[Problem statement]: Among the lines below, copy exactly those from the one with "Lininis audinys austas" through the one with "根据国家统计局的数据,当前建", counting both ends.

=== Begin Enclosure ===

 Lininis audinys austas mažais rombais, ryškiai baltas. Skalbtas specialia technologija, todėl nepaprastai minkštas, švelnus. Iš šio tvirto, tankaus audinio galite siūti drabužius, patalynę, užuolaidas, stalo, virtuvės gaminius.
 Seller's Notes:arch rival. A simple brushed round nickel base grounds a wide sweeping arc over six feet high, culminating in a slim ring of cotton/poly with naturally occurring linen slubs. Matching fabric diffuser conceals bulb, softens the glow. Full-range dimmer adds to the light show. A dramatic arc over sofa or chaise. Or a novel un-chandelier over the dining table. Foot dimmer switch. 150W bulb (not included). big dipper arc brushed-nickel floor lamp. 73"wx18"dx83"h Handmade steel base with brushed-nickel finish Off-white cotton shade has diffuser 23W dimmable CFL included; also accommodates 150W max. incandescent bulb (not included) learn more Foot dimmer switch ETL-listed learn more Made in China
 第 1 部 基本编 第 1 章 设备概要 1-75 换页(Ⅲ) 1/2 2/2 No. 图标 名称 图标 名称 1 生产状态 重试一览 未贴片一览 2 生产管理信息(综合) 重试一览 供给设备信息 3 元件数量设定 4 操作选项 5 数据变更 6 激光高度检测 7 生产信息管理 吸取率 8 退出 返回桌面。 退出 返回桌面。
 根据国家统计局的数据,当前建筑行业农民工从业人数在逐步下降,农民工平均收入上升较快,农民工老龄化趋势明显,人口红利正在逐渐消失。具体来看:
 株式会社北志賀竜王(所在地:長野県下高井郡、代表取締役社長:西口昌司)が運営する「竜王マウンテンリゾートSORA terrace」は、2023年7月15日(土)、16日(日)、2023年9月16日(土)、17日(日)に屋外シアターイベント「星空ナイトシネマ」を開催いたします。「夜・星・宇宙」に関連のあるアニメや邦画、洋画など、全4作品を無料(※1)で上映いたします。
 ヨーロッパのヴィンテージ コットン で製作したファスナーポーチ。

=== End Enclosure ===
=== Begin Enclosure ===

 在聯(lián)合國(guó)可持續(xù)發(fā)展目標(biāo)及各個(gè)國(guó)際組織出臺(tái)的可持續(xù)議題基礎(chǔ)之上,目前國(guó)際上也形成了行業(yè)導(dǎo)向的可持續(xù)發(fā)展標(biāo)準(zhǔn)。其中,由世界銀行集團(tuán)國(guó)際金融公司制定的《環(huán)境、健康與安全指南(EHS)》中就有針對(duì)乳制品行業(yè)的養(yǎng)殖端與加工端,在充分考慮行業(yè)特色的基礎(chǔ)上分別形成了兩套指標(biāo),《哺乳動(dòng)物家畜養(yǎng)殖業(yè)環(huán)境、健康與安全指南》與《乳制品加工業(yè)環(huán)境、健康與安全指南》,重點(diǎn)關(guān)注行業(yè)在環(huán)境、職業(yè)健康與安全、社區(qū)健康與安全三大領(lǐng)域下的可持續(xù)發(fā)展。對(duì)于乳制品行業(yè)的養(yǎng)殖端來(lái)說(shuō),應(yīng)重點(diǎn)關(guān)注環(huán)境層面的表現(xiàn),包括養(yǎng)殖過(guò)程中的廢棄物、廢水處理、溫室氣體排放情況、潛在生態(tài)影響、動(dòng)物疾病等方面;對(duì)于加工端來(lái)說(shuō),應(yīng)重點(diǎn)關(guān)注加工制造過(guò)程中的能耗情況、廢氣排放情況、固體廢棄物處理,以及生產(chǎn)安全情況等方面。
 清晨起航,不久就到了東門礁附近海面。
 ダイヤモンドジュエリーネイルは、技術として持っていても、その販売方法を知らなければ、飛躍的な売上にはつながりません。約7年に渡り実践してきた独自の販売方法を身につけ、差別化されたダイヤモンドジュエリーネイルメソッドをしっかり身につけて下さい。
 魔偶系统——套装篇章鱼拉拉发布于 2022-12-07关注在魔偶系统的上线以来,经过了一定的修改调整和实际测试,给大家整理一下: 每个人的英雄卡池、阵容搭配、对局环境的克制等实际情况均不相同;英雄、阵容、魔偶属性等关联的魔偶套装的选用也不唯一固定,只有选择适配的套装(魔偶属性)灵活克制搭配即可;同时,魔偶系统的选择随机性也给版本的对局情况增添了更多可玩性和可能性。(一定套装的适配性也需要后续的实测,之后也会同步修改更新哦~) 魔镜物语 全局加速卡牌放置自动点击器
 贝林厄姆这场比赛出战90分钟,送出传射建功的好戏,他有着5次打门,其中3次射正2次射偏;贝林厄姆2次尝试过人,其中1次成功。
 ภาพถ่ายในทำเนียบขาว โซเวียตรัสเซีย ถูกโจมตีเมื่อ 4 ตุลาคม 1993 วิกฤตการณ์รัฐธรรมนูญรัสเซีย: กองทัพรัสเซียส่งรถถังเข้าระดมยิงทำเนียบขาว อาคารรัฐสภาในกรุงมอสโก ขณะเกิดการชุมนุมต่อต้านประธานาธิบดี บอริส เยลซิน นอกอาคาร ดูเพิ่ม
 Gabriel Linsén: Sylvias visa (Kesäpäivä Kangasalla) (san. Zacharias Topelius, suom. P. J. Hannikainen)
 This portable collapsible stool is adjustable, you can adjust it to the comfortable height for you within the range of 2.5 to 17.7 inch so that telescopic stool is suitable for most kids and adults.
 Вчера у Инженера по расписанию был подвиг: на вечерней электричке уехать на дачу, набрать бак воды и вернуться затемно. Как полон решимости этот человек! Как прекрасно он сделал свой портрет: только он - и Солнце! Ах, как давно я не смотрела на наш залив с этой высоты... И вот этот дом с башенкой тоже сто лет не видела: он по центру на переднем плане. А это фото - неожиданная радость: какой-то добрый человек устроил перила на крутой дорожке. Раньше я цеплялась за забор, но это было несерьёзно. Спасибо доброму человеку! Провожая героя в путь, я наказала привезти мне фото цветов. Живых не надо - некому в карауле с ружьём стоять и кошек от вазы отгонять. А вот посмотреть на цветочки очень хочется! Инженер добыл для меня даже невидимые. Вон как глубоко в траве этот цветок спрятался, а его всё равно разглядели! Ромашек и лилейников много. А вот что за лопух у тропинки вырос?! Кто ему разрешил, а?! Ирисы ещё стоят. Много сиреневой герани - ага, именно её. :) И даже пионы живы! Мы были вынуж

=== End Enclosure ===
=== Begin Enclosure ===

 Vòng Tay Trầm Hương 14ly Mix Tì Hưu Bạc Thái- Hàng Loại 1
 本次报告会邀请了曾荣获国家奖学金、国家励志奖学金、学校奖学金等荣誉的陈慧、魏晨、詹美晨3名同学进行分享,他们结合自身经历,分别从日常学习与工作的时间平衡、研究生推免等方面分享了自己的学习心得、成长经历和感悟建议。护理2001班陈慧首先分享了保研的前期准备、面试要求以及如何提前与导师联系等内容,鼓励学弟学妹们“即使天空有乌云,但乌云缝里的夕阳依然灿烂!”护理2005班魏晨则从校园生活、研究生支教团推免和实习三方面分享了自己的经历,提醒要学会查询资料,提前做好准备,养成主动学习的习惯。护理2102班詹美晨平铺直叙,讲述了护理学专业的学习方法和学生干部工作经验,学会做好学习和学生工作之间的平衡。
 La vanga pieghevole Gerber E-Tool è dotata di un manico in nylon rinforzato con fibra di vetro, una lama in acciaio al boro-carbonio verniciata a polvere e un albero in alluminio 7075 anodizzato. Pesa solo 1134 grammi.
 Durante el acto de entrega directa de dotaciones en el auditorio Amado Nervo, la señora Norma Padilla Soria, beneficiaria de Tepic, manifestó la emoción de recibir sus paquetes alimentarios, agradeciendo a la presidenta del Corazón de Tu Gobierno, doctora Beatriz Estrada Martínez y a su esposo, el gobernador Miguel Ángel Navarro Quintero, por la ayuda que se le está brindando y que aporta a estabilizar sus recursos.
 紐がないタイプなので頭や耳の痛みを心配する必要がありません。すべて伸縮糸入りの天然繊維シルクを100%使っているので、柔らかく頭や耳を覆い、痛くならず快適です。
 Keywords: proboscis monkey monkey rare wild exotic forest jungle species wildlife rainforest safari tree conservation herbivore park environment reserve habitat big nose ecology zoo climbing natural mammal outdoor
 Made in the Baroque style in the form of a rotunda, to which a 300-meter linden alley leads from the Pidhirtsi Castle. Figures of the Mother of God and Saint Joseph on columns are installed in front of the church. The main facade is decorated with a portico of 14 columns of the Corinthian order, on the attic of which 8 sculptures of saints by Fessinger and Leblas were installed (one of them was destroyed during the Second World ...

=== End Enclosure ===

[Response to this task]:
 Lininis audinys austas mažais rombais, ryškiai baltas. Skalbtas specialia technologija, todėl nepaprastai minkštas, švelnus. Iš šio tvirto, tankaus audinio galite siūti drabužius, patalynę, užuolaidas, stalo, virtuvės gaminius.
 Seller's Notes:arch rival. A simple brushed round nickel base grounds a wide sweeping arc over six feet high, culminating in a slim ring of cotton/poly with naturally occurring linen slubs. Matching fabric diffuser conceals bulb, softens the glow. Full-range dimmer adds to the light show. A dramatic arc over sofa or chaise. Or a novel un-chandelier over the dining table. Foot dimmer switch. 150W bulb (not included). big dipper arc brushed-nickel floor lamp. 73"wx18"dx83"h Handmade steel base with brushed-nickel finish Off-white cotton shade has diffuser 23W dimmable CFL included; also accommodates 150W max. incandescent bulb (not included) learn more Foot dimmer switch ETL-listed learn more Made in China
 第 1 部 基本编 第 1 章 设备概要 1-75 换页(Ⅲ) 1/2 2/2 No. 图标 名称 图标 名称 1 生产状态 重试一览 未贴片一览 2 生产管理信息(综合) 重试一览 供给设备信息 3 元件数量设定 4 操作选项 5 数据变更 6 激光高度检测 7 生产信息管理 吸取率 8 退出 返回桌面。 退出 返回桌面。
 根据国家统计局的数据,当前建筑行业农民工从业人数在逐步下降,农民工平均收入上升较快,农民工老龄化趋势明显,人口红利正在逐渐消失。具体来看:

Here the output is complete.